Joshua A. Becker et al., Appellants, v University Physicians of Brooklyn, Inc., et al., Respondents.
[762 NYS2d 277]
[MAJORITY]
In an action, inter alia, to recover damages for conversion, the plaintiffs appeal (1), as limited by their brief, from so much of an order of the Supreme Court, Kings County (Gammer, J.), entered March 29, 2002, as (a) denied their motion for leave to enter a judgment against the defendants upon their alleged default in answering, and (b) granted that branch of the cross motion of the defendants University Physicians of Brooklyn, Inc., and Daniel Zabel which was to dismiss the amended complaint insofar as asserted against them pursuant to CPLR 3211 (a) (7) for failure to state a cause of action, and to sever the counterclaims of, among others, the defendant University Physicians of Brooklyn, Inc., and direct that the counterclaims proceed to discovery and trial, and (2) from an order of the same court entered September 9, 2002, which, inter alia, granted the motion of the defendants David H. Gordon, Eugene Feigelson, Salvatore Sclafani, James Cottrell, Stephen Kamholtz, Lucy Cribben, Ross Clinchy, Ivan Lisnitzer, Stephen Kass, Peter Howanitz, and Kathy Rones pursuant to CPLR 3211 (a) (2) to dismiss the amended complaint insofar as asserted against them for lack of subject matter jurisdiction.
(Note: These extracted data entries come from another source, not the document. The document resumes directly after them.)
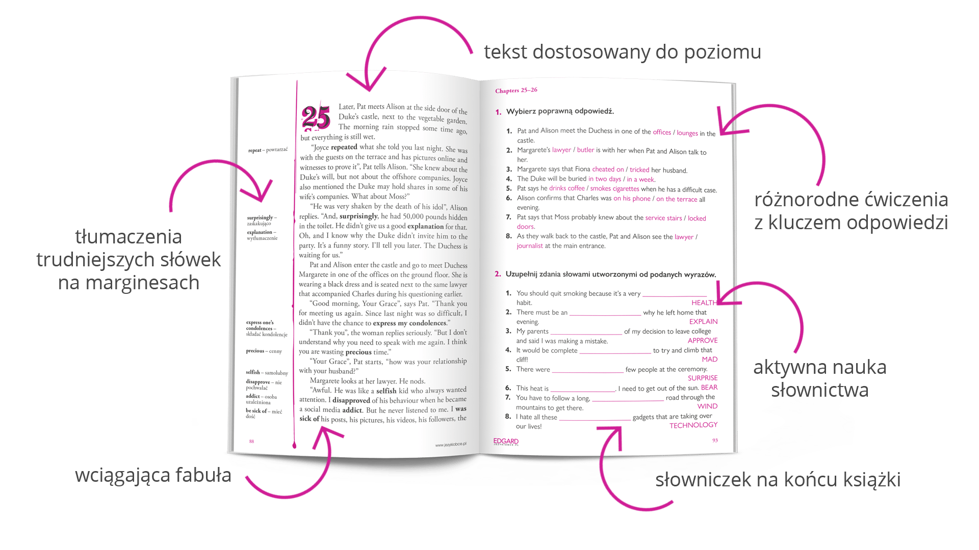 - sprawdzaj znaczenie słów, nie odrywając się od lektury dzięki tłumaczeniom na marginesach,
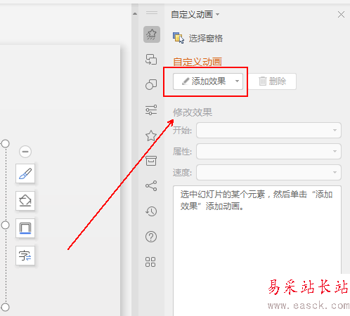 4、在右側的側邊欄中單擊【添加效果】選項。
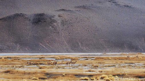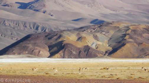 From there we were on a plateau of sorts: the road was still rising but very gently. The terrain included salt flats and lagoons, some vegetation and mountains whose variety of colours and shapes kept us awestruck. In between, we were also pleased to spot small herds of vicuñas, and also a very few flamingos.
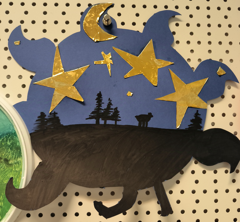 Un soleil comme forme de papier a l'intérieur un paysage avec une plaine dessiner en noir avec quelques arbres et un mouton avec de grandes étoiles dans le ciel accompagné de une demi lune.
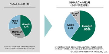 MM総研の調べでは、小中学校での教育用端末の更新整備が開始されている「GIGAスクール構想第2期」において、GoogleのChromeOSがシェアを大幅に拡大、60%を占める見通しであることがわかった。
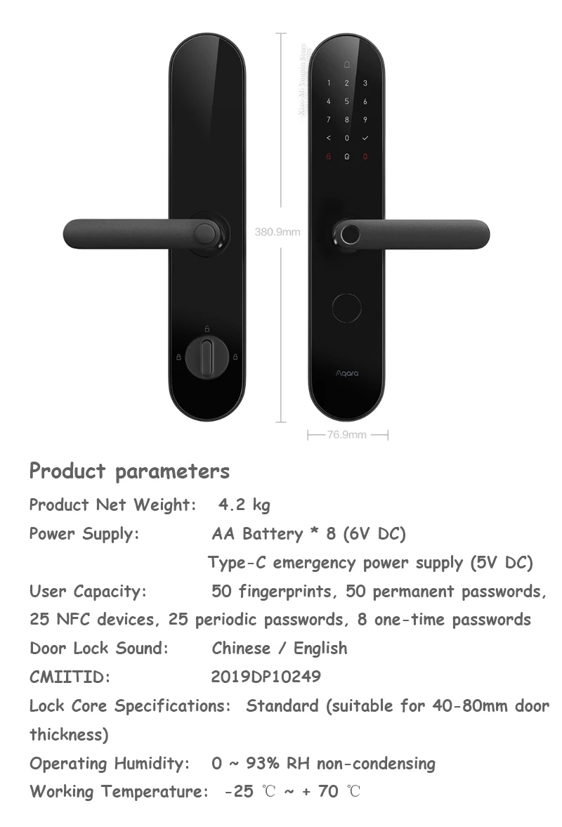 Aqara N100 N200 Smart Door Lock Fingerprint Bluetooth Password NFC Unlock Works with Mijia HomeKit Smart Linkage with Doorbell
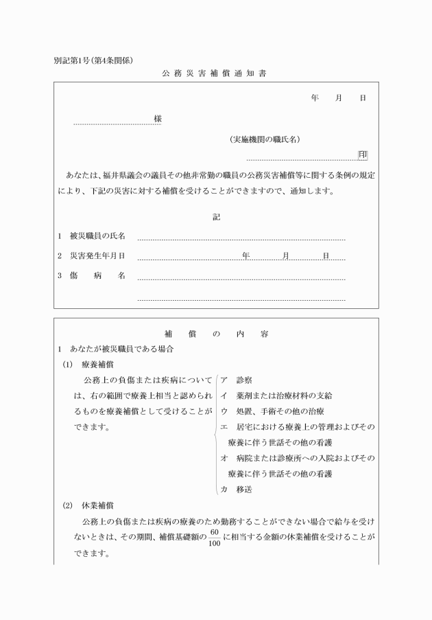 福井県議会の議員その他非常勤の職員の公務災害補償等に関する条例施行規則

Ordered that the order entered March 29, 2002, is affirmed insofar as appealed from; and it is further,
Ordered that the order entered September 9, 2002, is affirmed; and it is further,
Ordered that one bill of costs is awarded to the respondents appearing separately and filing separate briefs.
The respondents did not default in answering the amended complaint (see S.D.I. Corp. v Fireman’s Fund Ins. Cos., 208 AD2d 706 [1994]). In any event, even if they did default in answering, they established justifiable excuses therefor, and potentially meritorious defenses to the action (see McNamara v Banney, 227 AD2d 892 [1996]). Moreover, there is no indication that the plaintiffs were prejudiced by the alleged default (see McKay v Longman, 199 AD2d 941 [1993]; Leogrande v Glass, 106 AD2d 431 [1984]; County of Nassau v Cedric Constr. Corp., 100 AD2d 890 [1984]). Under these circumstances, the court properly denied the plaintiffs’ motion for leave to enter judgment.
The court also correctly granted that branch of the cross motion of the defendants University Physicians of Brooklyn, Inc., and Daniel Zabel (hereinafter UPB and Zabel) which was to dismiss the amended complaint insofar as asserted against them. Accepting the facts as alleged in the amended complaint as true, and according the plaintiffs the benefit of every possible favorable inference (see Leon v Martinez, 84 NY2d 83 [1994]), the amended complaint fails to state a cause of action against UPB and Zabel (see CPLR 3211 [a] [7]). Indeed, the plaintiffs’ allegations regarding the conduct of UPB and Zabel were impermissibly vague and conclusory (see Stoianoff v Gahona, 248 AD2d 525 [1998]). Moreover, the affidavits the plaintiffs submitted in opposition to the cross motion failed to remedy the amended complaint’s defects (see Guggenheimer v Ginzburg, 43 NY2d 268 [1977]; Rovello v Orofino Realty Co., 40 NY2d 633 [1976]).
The court also correctly granted the remaining defendants’ subsequent motion to dismiss the amended complaint insofar as asserted against them, since the court lacked subject matter jurisdiction over the controversy with respect to those defendants (see CPLR 3211 [a] [2]). Indeed, the court correctly determined that under the circumstances, those defendants, who were officials and employees of the State, acted in their official capacities in the exercise of governmental functions (see Morell v Balasubramanian, 70 NY2d 297 [1987]). Therefore, the action could only be maintained against them in the Court of Claims (see Drought v New York State Psychiatric Inst., 206 AD2d 500 [1994]).
The plaintiffs’ remaining contentions are without merit. Ritter, J.P., S. Miller, Luciano and H. Miller, JJ., concur.